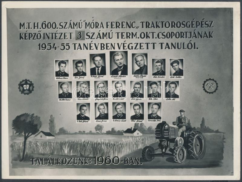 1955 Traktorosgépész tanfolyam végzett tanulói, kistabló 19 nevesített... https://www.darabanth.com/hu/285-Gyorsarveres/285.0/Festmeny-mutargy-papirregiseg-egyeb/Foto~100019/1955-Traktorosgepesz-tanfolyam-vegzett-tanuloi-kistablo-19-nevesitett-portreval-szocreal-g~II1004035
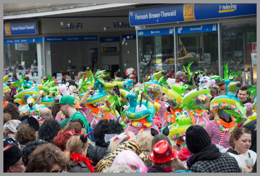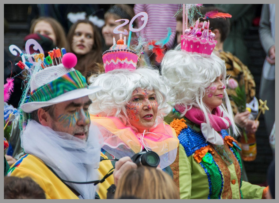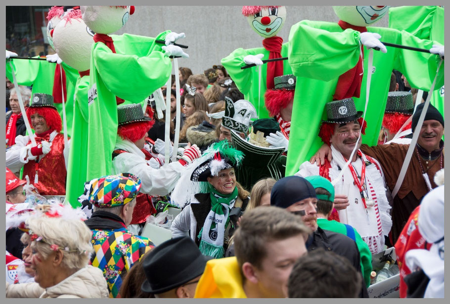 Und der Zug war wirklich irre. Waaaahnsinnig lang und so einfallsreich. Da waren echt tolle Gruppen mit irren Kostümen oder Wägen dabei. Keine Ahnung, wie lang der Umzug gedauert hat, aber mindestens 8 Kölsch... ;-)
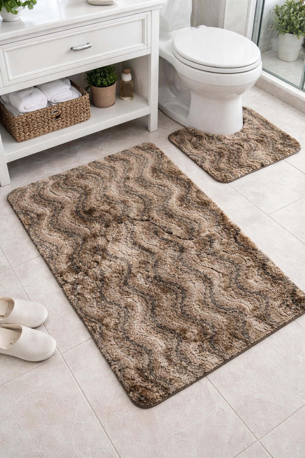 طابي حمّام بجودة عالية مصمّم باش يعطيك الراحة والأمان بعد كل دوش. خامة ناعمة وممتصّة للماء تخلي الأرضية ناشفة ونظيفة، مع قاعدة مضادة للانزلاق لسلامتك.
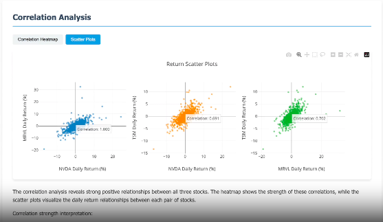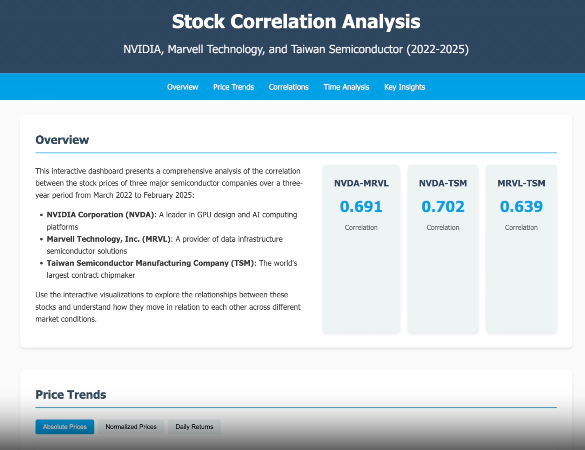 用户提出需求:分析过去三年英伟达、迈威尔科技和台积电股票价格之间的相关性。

==

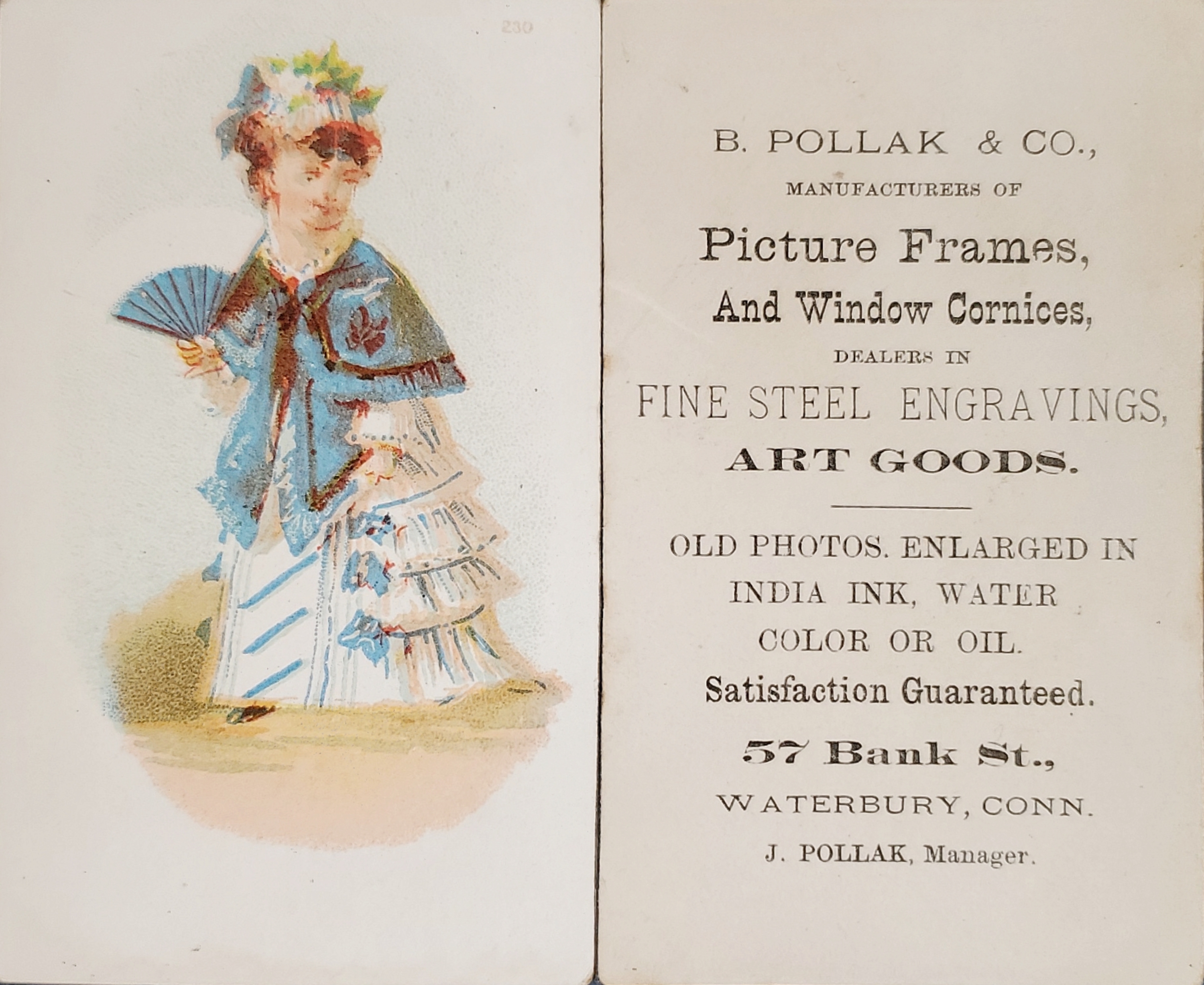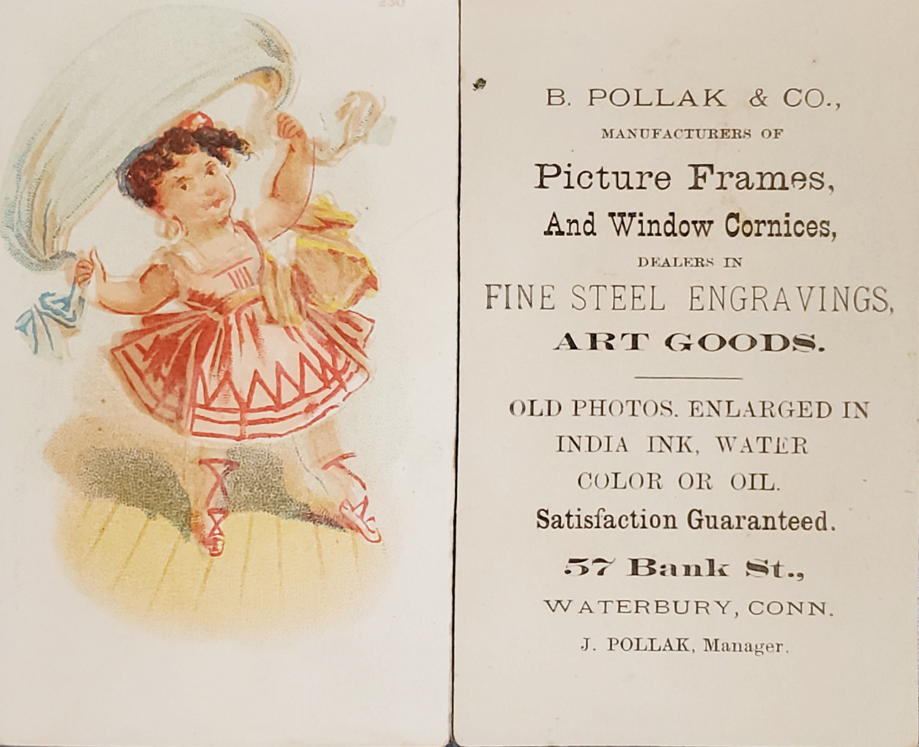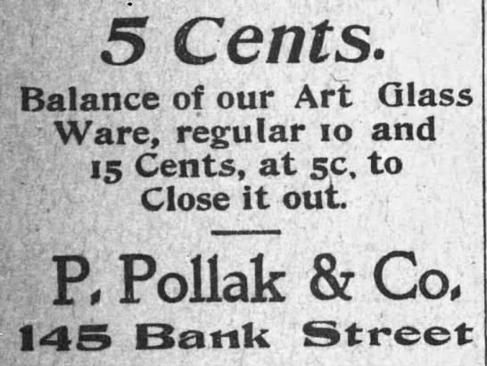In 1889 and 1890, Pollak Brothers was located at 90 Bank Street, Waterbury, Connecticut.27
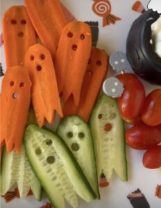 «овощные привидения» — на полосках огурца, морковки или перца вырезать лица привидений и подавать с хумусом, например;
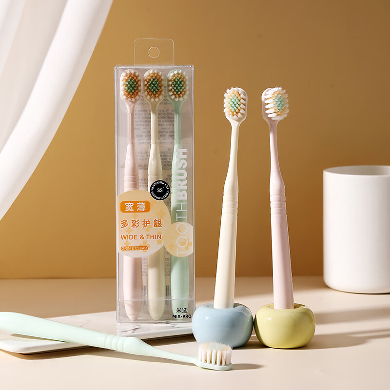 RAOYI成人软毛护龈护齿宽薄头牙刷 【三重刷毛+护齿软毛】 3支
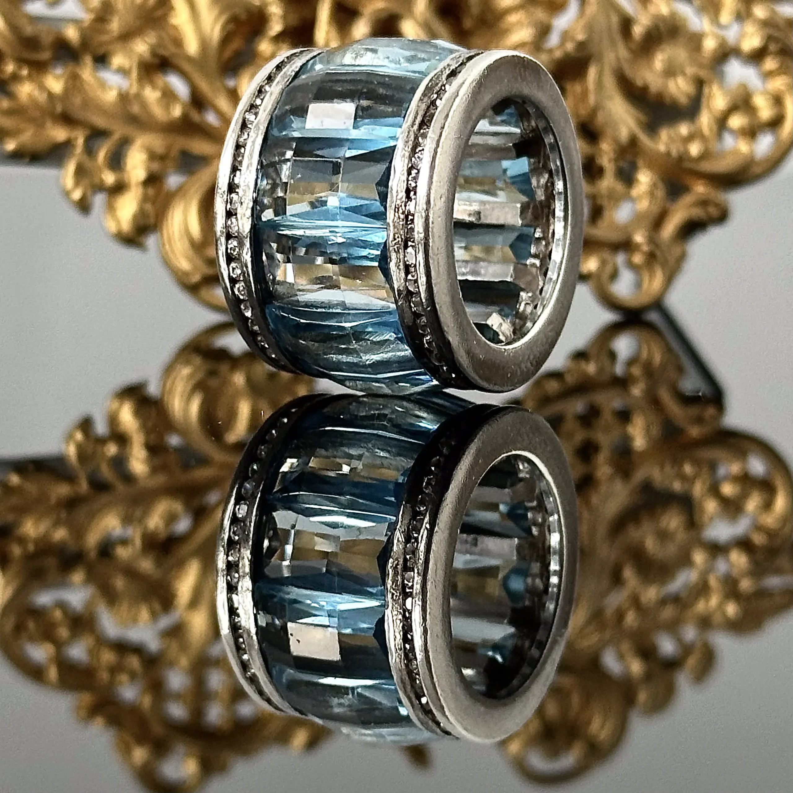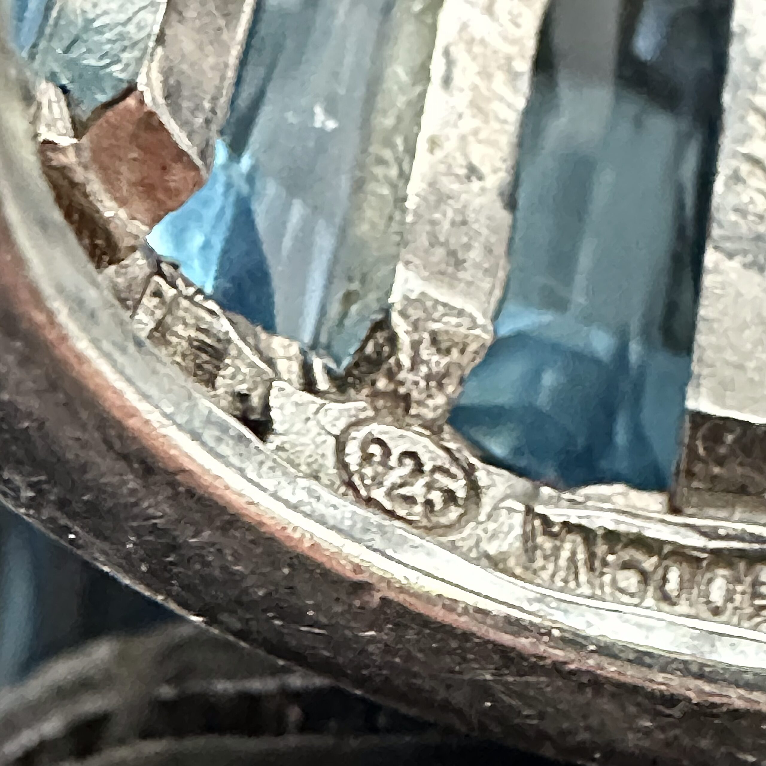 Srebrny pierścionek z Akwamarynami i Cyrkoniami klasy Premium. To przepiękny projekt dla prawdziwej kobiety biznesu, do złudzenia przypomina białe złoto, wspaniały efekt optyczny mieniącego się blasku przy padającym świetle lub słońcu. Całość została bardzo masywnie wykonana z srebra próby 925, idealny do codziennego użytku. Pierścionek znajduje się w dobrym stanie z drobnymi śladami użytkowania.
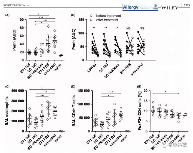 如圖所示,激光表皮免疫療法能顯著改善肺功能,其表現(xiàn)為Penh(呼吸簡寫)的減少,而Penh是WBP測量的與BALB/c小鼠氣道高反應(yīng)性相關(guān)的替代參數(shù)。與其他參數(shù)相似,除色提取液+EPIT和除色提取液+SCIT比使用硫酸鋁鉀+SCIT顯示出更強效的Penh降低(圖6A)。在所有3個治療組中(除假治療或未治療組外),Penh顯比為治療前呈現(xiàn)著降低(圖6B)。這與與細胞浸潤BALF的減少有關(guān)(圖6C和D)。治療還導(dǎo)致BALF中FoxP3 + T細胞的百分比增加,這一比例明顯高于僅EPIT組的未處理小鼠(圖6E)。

What is needed: Copy out the listing above from the line containing "Und der Zug" to the line containing "用户提出需求:分析过去三年英伟达、迈威尔科技和台积电股票价格之间的相关性。", both included, exactly as written and minus the images.

Output below:
 Und der Zug war wirklich irre. Waaaahnsinnig lang und so einfallsreich. Da waren echt tolle Gruppen mit irren Kostümen oder Wägen dabei. Keine Ahnung, wie lang der Umzug gedauert hat, aber mindestens 8 Kölsch... ;-)
 طابي حمّام بجودة عالية مصمّم باش يعطيك الراحة والأمان بعد كل دوش. خامة ناعمة وممتصّة للماء تخلي الأرضية ناشفة ونظيفة، مع قاعدة مضادة للانزلاق لسلامتك.
 用户提出需求:分析过去三年英伟达、迈威尔科技和台积电股票价格之间的相关性。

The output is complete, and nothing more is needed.